Mission Statement

The Texas School of Music, a Texas organization, will endeavor to promote the love of music in all people by teaching, encouraging and helping to fulfill the dreams of aspiring musicians of all ages and degrees of talent. We intend to supply opportunities for performance and resources for musical growth as well as preserve the diverse and rich cultural heritage of Texas music.

 

"CAMARO" 
Written by Doug Milford and Bobby Boyd....
   


Performed By Bobby Boyd. 
                                                                              
   

BRIEF HISTORY OF THE CROSSROADS

 

After the Civil War ended, the cotton and sugar cane production in the areas declined.  A new industry, lumbering, would soon take the place of the previous enterprises, but only after the establishment of the town of Shepherd.  Benjamin Armistead Shepherd and Colonel Paul Bremond dreamed of building a Railroad to penetrate the great piney woods of East Texas to create the lumber industry for Texas and found the town of shepherd.  This was to be their Centennial project in 1876, the 100th anniversary of America.

Bremond had hired W. E. Woods a surveyor (who had laid out the town of Houston for the Allen Brothers) to lay out the route of his new road into the heart of the shadows of the piney woods of East Texas. W. E. Woods drove a T-rail 100 feet from the old historical pecan tree that would be the end of the first survey point and layout for the town of Shepherd, Texas. The newly formed county of San Jacinto was named for the famous battle that gave birth to Texas.
            While working on putting a railroad through Shepherd, B.A.. Shepherd, along with Captain Frank Hardin and Colonel George W. Davis, built a house on a 50 acre tract for their close friend Colonel Paul Bremond, the Father of the Texas Railroad.  This was the first house ever built in Shepherd.  The house stands on what is known as the crossroads, an old Indian trail leading from chief Colita's village to Chief Long King’s village.  Chief Colita and Sam Houston used it as a council site.  They met there on one occasion to recruit for the Texas Revolution.  Mr. Houston carved his initials on the pecan tree which now overlooks the house.  The Dixon family and the towns people stated Sam Houston’s initials were visible until approximately 1920.

            After Paul Bremond died, the house went into receivership and was known as the “Station House”.  It was then acquired by Sam Houston Cochran, General Sam Houston’s Godson, in 1889.  S.H. Cochran sold the house to William Samuel Dixon in 1899.  W.S. Dixon was a prominent family mercantile businessman and the owner/operator of Napier Sawmill South of Shepherd.  This was the first house in Shepherd to have gas lights and running water piped from the mill across the street. It was the first house in Shepherd and San Jacinto County to have a telephone that was connected to his mercantile store and have electrical lights.  The house remained in the Dixon family until 1958.

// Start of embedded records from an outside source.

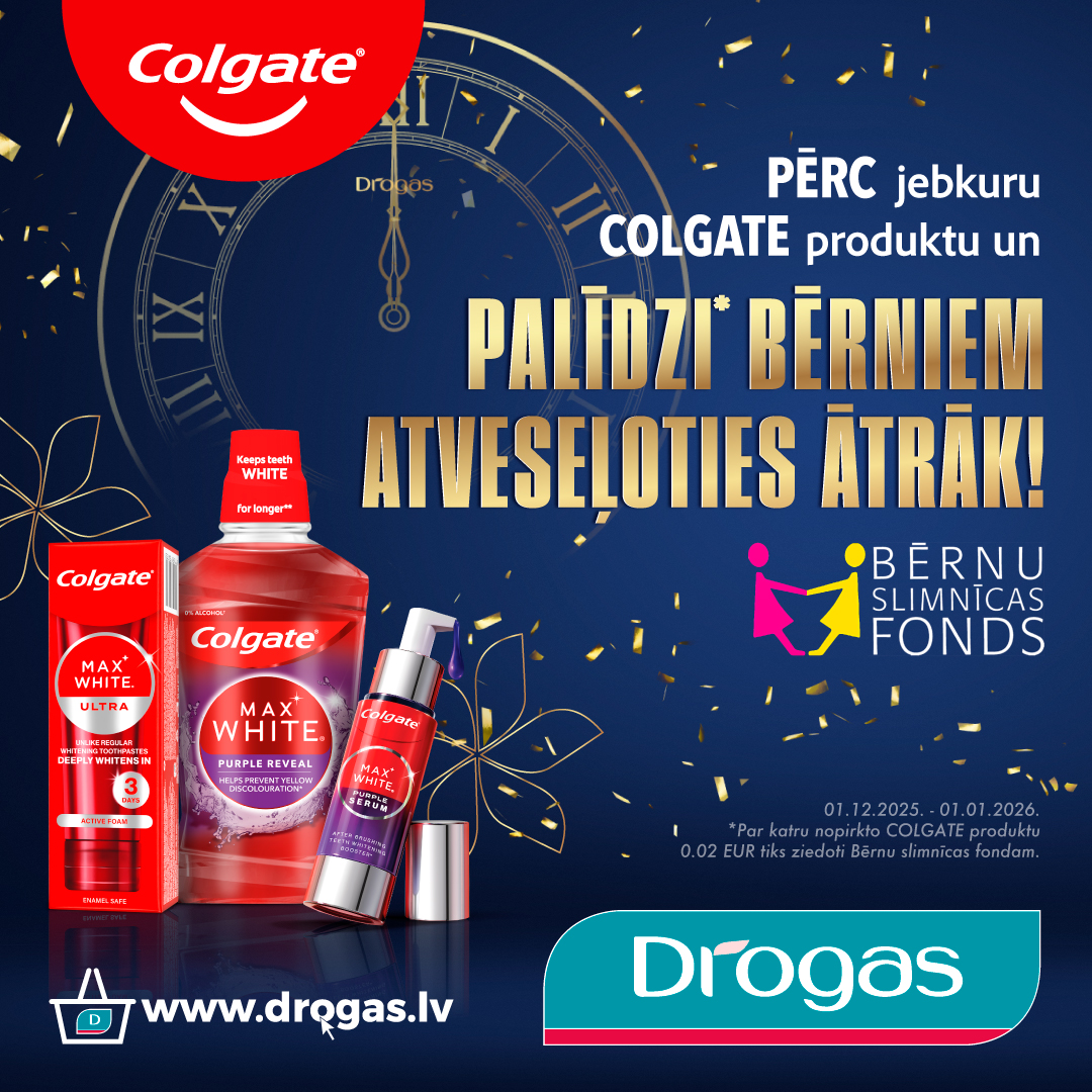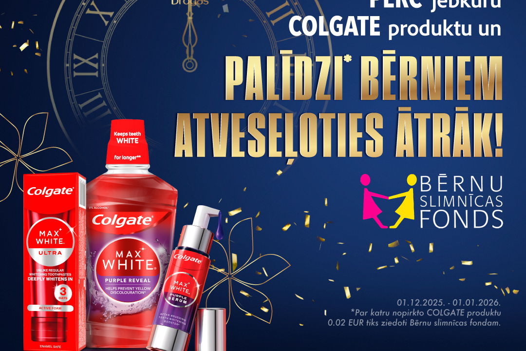 No 2025. gada 1. decembra līdz 2026. gada 1. janvārim par katru veikalos "Drogas" nopirkto "Colgate" produkta, 2 centi tiks ziedoti Bērnu slimnīcas fondam!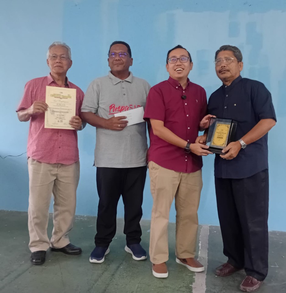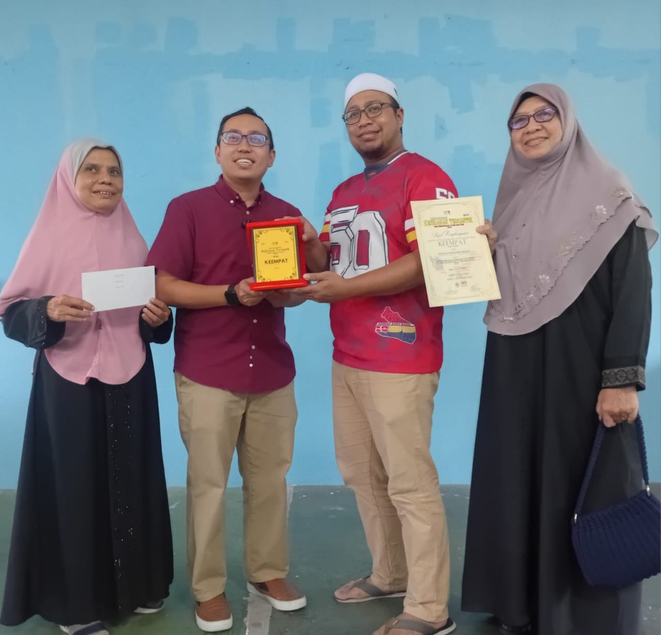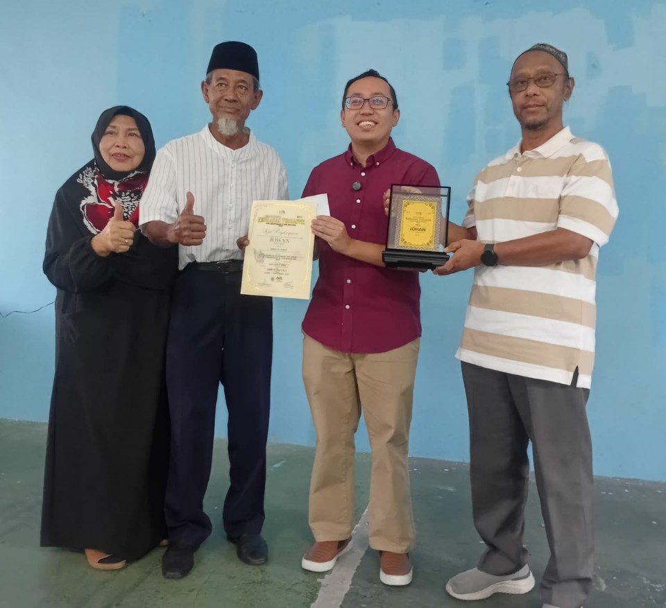 Ustaz Ahmad Umar Asyraf (dua dari kanan) menerima hadiah tempat keempat kategori Surau daripada Farhan.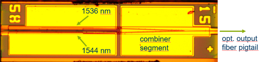 This laser features a Y-shaped resonator with a shared gain segment (combiner segment) and two separate gain segments for selective feedback at 1536 nm and 1544 nm with top-etched slots selecting a single mode from the available Fabry-Perot modes in the cavity. This allows oscillation of two distinct modes in the same cavity. Both modes can be tuned by adjusting the chip temperature and individually via the gain current in each segment, offering high spatial overlap, reduced inter-mode noise, and significant potential for on-chip integration. The laser chip is enclosed in a butterfly package, ensuring temperature control, mechanical protection, and stable coupling into a polarization-maintaining (PM) fiber. This laser features fast modulation performance while being limited in modulation bandwidth of the beating signal. In a single frequency CW-THz system, which is employing this laser as the beating source, measurement rates in the high kHz range of thin film thicknesses with micrometer precession can be achieved.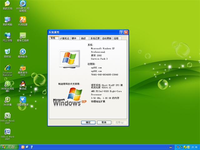 绿茶系统 GHOST XP SP3 装机优化版2014年12月版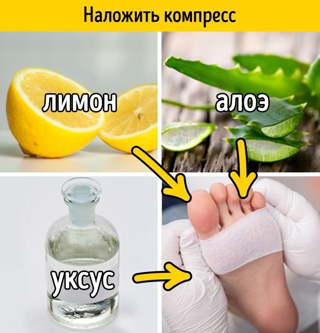 Лимон. Самый эффективный способ — приложить к распаренной коже лимонную корку с мякотью. Если делать это на ночь, через 3–4 дня достаточно еще раз распарить ноги в теплой воде с солью и удалить мозоль.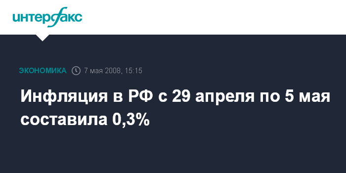 Москва. 7 мая. INTERFAX.RU - Инфляция в РФ с 29 апреля по 5 мая составила 0,3%, сообщил "Интерфаксу" источник в одном из ведомств. Рост потребительских цен с начала мая составил 0,2%.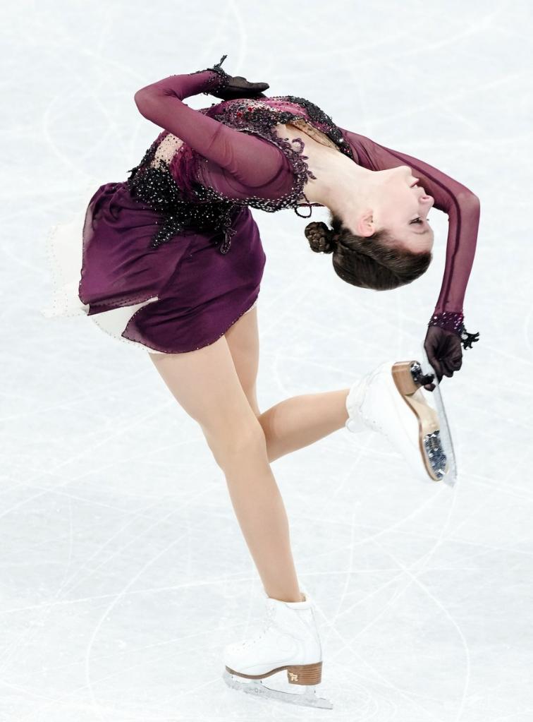 Another ROC figure skater Trusova came up with the highest free skate score of 177.13 on Thursday after the 17-year-old featured five quads of four different rotations, bringing her total score to 251.73 for the silver.

The house was then sold to Roland and Betsy Tisinger of The Houston post, and used as a center for teaching individuals to read and play music.  The Shepherd library began on the porch of this house”.  The school of music and the library remained until 1972 when she built a library behind her house.  It remained there until they used the library’s funds, a matching grant and inventory to build the new Shepherd Public Library housed out of the Old Mc Clain’s Super Market.  After the house was gutted by fire, it was sold to Douglas and Brenda Milford in 1981.  It was their dream to return the house to it’s historical preservation of music to be open to the public.  It now houses The Texas School of Music and Cross Roads Restaurant.  The Texas School of Music, a Texas organization, will endeavor to promote the love of music in all people by teaching, encouraging and helping to fulfill the dreams of aspiring musicians of all ages and degrees of talent.  We intend to supply opportunities for performance and resources for musical growth as well as preserve the diverse and rich cultural heritage of Texas music.